I also chatted with my editor at Grist, Claire Thompson, for its newsletter ‘Looking Forward,’ about what it might take to create a truly sustainable tourism industry—you can read that here.
And speaking of readiness for tourism…I also recently turned my attention to the city of Ghent, Belgium as it works to cultivate its tourism industry without descending into the scourge of overtourism that so many other Eueopean cities are struggling with.
It’s a topic I explored in depth in a piece for Bloomberg CityLab as Ghent is becoming an increasingly popular destination with travelers. We hear a lot about the cities trying to reverse overtourism once it takes hold, but far less about the ways it could be prevented in the first place…
In CityLab: As Visitors Discover Ghent, the City Is Trying to Prevent a Tourism Takeover
Ghent certainly has the goods for a robust tourism industry. One of the most important cities in Europe during the Middle Ages, it boasts a well-preserved historic core at the confluence of the Lys and Scheldt rivers, full of ornate centuries-old buildings that host flourishing dining, drinking and arts scenes.
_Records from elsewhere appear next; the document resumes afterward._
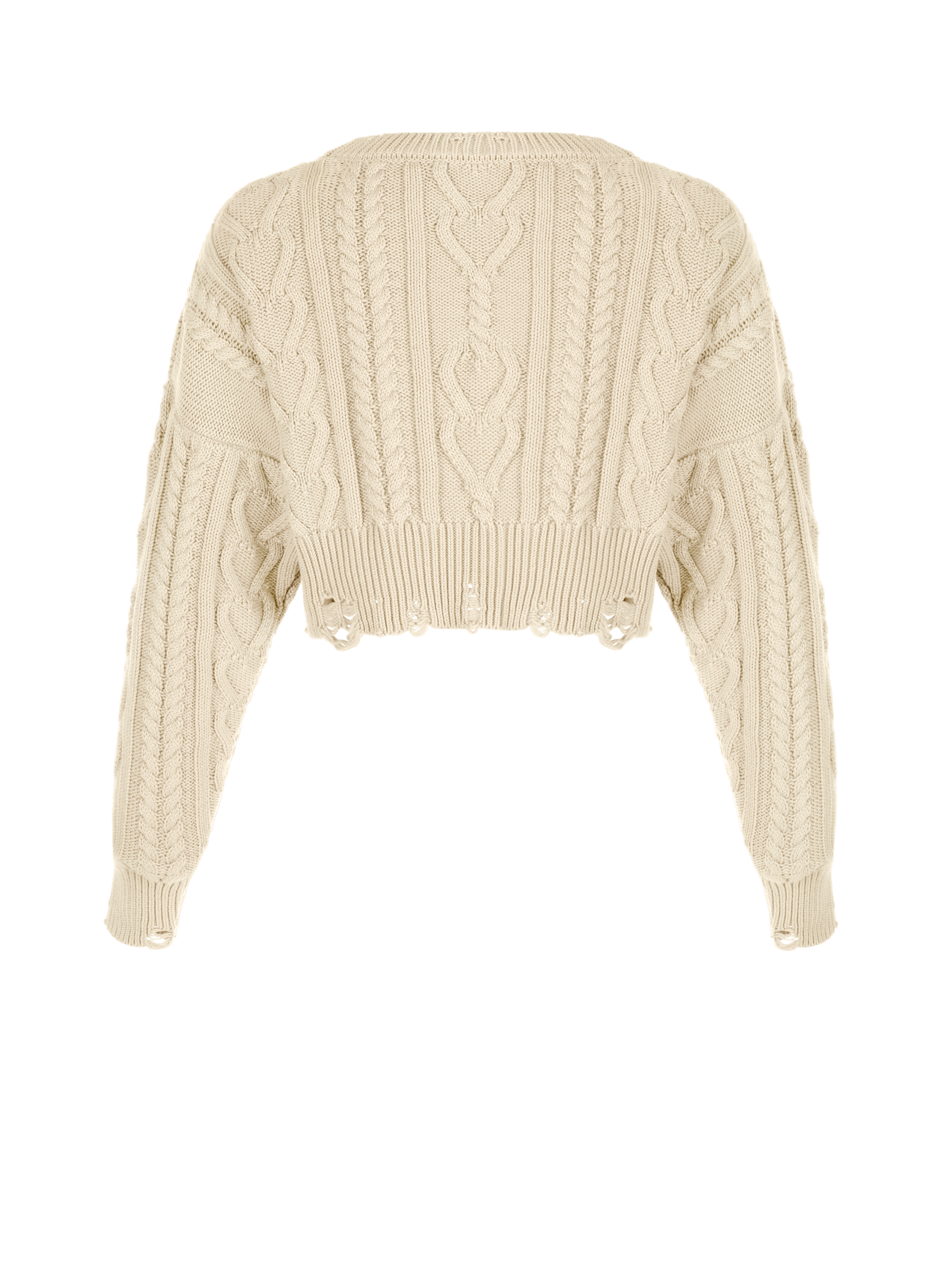 Cropped light beige oversized sweater made of cotton blend with a cable-knit pattern. The classic design looks fresh and modern thanks to the dropped stitches that decorate the hem and cuffs. Mix with high-waisted jeans or trousers.
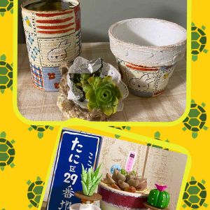 ホワイトラインとジョンヨン🌿 お花🌼早くみたいなぁ~🎶 ↙️福来玉さん♪♪♪脱皮そろそろ~(*≧з≦) ↘️このリメ鉢に先日の苗植えたかったけど…雨☔で外に出られないので延期…😢
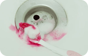 Staring in horror at a toothbrush covered in blood.

With 270,000 residents — plus 50,000 students at Ghent University — it’s a compact, walkable city of art-filled museums, churches and landmarks like the hulking 12th century Castle of the Counts, and an easy trip from other cities in Europe.
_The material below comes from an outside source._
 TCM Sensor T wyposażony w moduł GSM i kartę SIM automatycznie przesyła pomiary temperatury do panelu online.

But locals are increasingly ambivalent about the influx of visitors. A 2023 survey of 1,779 Ghent residents found just half agreeing that “in general, the benefits of tourism outweigh the disadvantages.” Still, nearly two-thirds want tourism to remain important, and well over half believe tourism makes their city more vibrant, although that percentage has been slipping since the first such survey in 2017.
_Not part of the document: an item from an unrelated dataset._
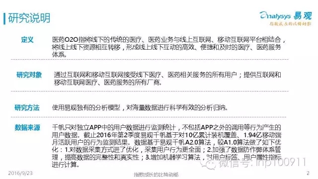 2016年9月23日,易觀發(fā)布了《中國醫(yī)藥O2O市場專題研究報(bào)告2016》的專題研究報(bào)告,報(bào)告對(duì)中國醫(yī)藥O2O市場發(fā)展概況、實(shí)踐案例及發(fā)展趨勢做了詳細(xì)的研究分析。
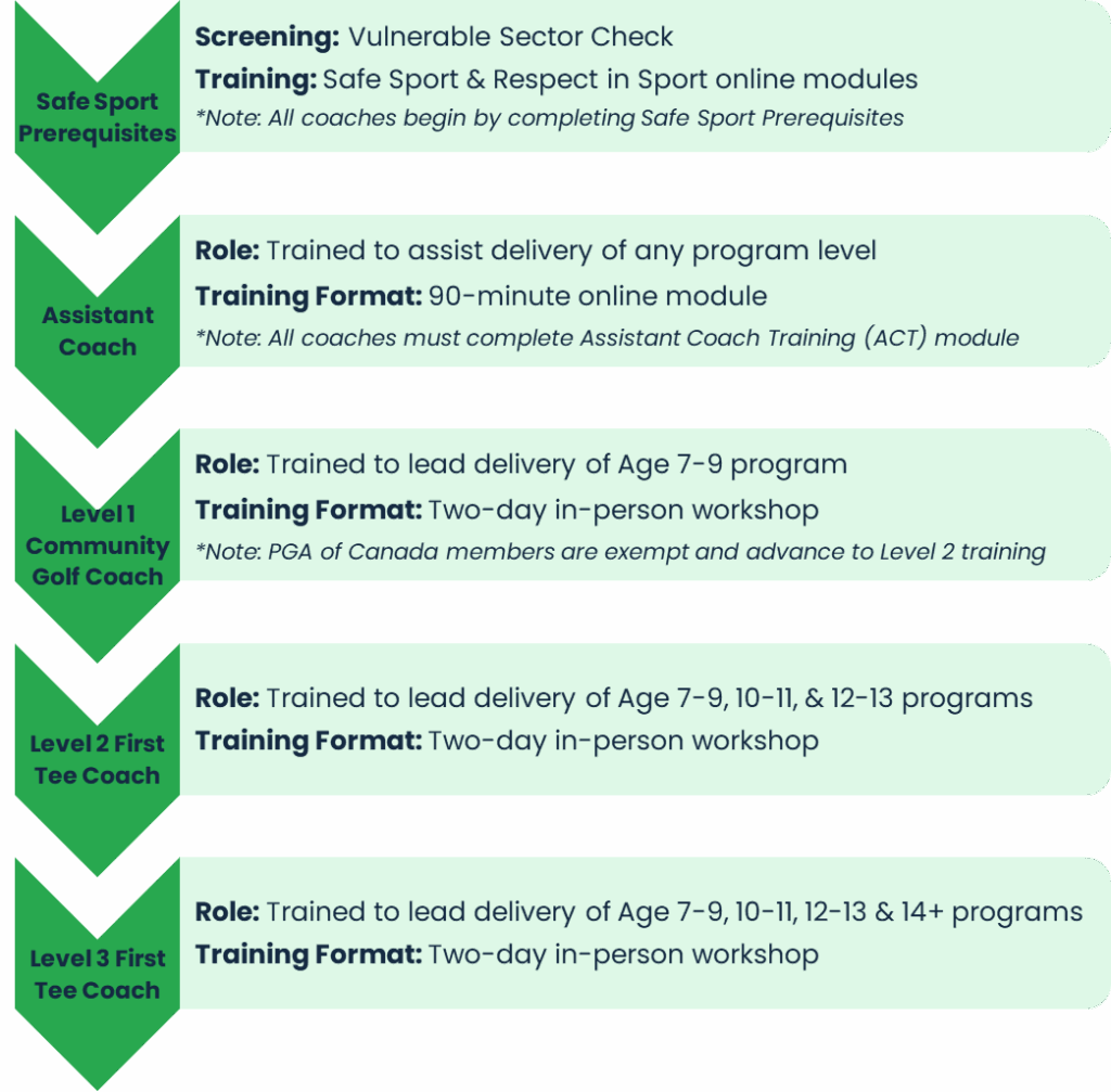 First Tee Coach Education is delivered to aspiring Coaches in Canada jointly by First Tee and PGA of Canada. This collaborative partnership enables Coaches working through First Tee Coach Education Pathway to choose their own level of involvement.

All of this said, players within the tourism industry do enact tangible positive change from time to time, and sometimes it adds up to something bigger. To wit: For the New York Times I wrote about some of the many beach resorts around the world that have become stewards of their coastlines as nature intended, rather than shoving them into the template of palm trees/white sandy-bottomed beaches that has reigned over beach tourism for the past 75 or so years. In doing so, they’re helping to change our understanding of what makes a beach beautiful…
In the NY Times: Your Resort’s ‘Perfect Beach’ Is a Lie (gifted link)
Onshore, the coconut palm is almost ubiquitous, and it does offer some benefits. Coconuts are exquisite natural containers of water and food, with fibers that can be used for rope and woven goods.
But on modern shorelines, these trees do little to prevent sand erosion or block wind and they provide scant shade, an increasingly valuable commodity in a warming world. They are also nonnative to many of the world’s most popular beach destinations. When Christopher Columbus made his first landfall in the Americas, on an island today that is part of the Bahamas, there were no coconut palms in the Caribbean. Europeans would bring them later.
As always, thanks for reading. I’ll be back soon with more writing and reporting, including efforts to parse what’s happening to travel infrastructure in the US as the new presidential administration progresses.
Took some time to read each piece, Sarah, wow. I always learn so much from you and I hope more people who love to travel do too.
All three of the pieces you mention here are excellent, Sarah--thanks for bringing them to my attention. You're writing about tourism in an analytical and truly insightful way that few others achieve.